QSAR (Quantitative Structure-Activity Relationship) is an ideal tool as high throughput screening for huge number of chemicals without costs, labours, and animals. The ICH-M7 guideline is the first international guideline addressing the use of QSARs for evaluating human health effect. Many highly reliable data sets are essential to allow the development and improvement of QSAR models. The Ames/QSAR international collaborative study is successfully ongoing. Its outcome gives a lot of benefits to QSAR vendors, QSAR users, and regulatory. The integrated approach with QSAR results increases the sensitivity and specificity of the Ames assay for predicting rodent carcinogens. It can support to judge the Ames results with molecular mechanism.
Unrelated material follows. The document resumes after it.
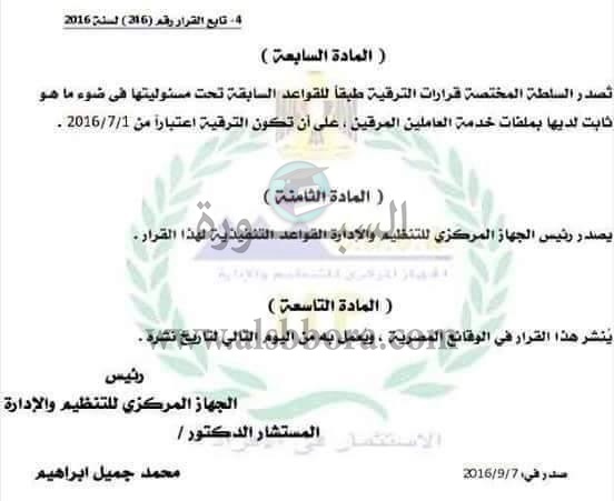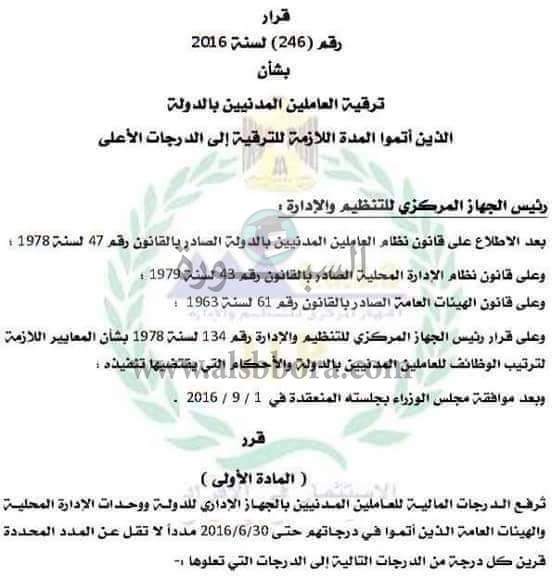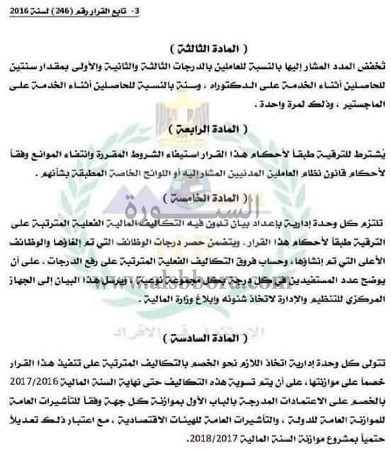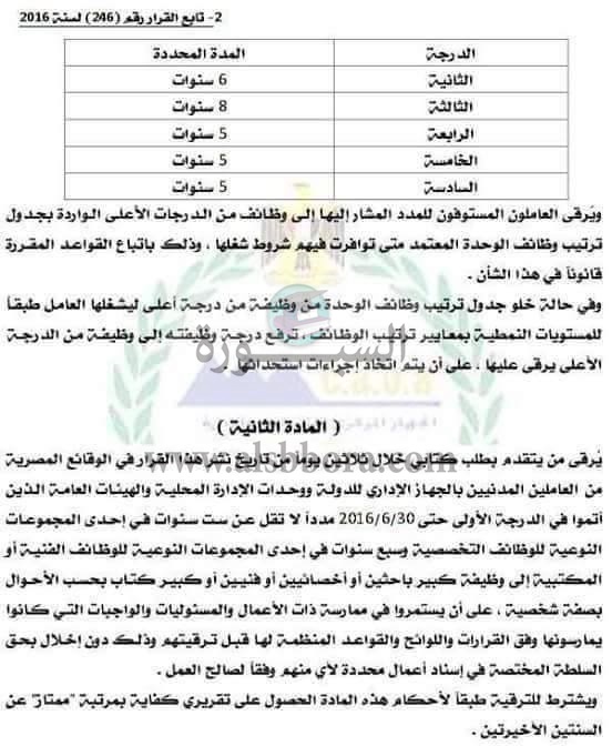 تنشر "السبورة" نص االقرار 246 الخاص بتخفيض المدد البينية للترقية للعاملين بالدولة واليكم نص القرار: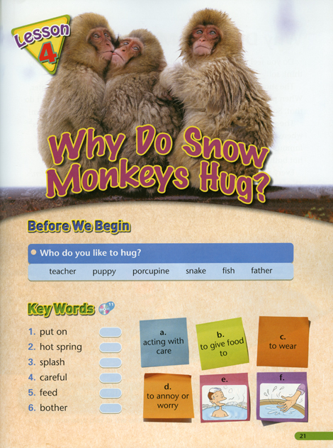 I just got a copy of an English language textbook that will be used at elementary schools in Korea. Lesson 4 is Why Do Snow Monkeys Hug? and includes my Monkey Hug photograph.

(https://www.nihs.go.jp/dgm/ICEM2017Honma.pdf)

A full scientific literature study, data migration from analogue compounds, or preclinical and clinical trials are all options for determining the pharmacological and toxicological profile of chemical structures. Nonetheless, the need to generate data using methods other than animal experiments is widely recognised, leading to the growth of computational chemistry as a field. Different endpoints, such as physicochemical properties, pharmacokinetic and toxicological endpoints, or ecotoxicity and environmental aspects, can be predicted using computational predictions from reliable (Q)SARs techniques.

Computational toxicology is well-known, and its usage is actively encouraged because it reduces animal experiments while also saving time and resources. Furthermore, computational methods make it simple and quick to apply QSAR models to the investigation of new structures.

Quantitative relation structure activity techniques (QSAR) are computational models that anticipate a substance’s attributes based on its molecular structure. The construction of an unambiguous algorithm, a defined applicability domain, and an acceptable fit, robustness, and predictability of the QSAR system are desirable criteria that must be met by the models utilised, according to the OECD.

Expert “rule-based” systems developed by QSAR are based on a thorough examination and assessment of the plausible mechanisms and scientific facts available. The scientific review allows toxicities linked with specific structural groupings, known as toxicophores, to be identified. An alert-based expert system is derived from this analysis, which leads to the prediction of certain qualities in the compound under consideration. QSAR outcomes will be as excellent as the available dataset, given that this alarm and prediction system is based on existing scientific data.

Statistical systems are based on empirical data, allowing for the assignment of a probability value based on the possibility of any individual parameter occurring. Internal structural group comparison, physiochemical characteristics, adjacent groups, and chemical environment are all used in these programmes.

In Maven we commonly use both statistical and expert based QSAR models to perform consistenttoxicological assessments as well as environmental evaluations. Our toxicology team have a broad experience on QSAR analysis of pharmaceutical impurities, cosmetics or biocides, with the support of our consultant partner Led scope for statistical QSAR assessments.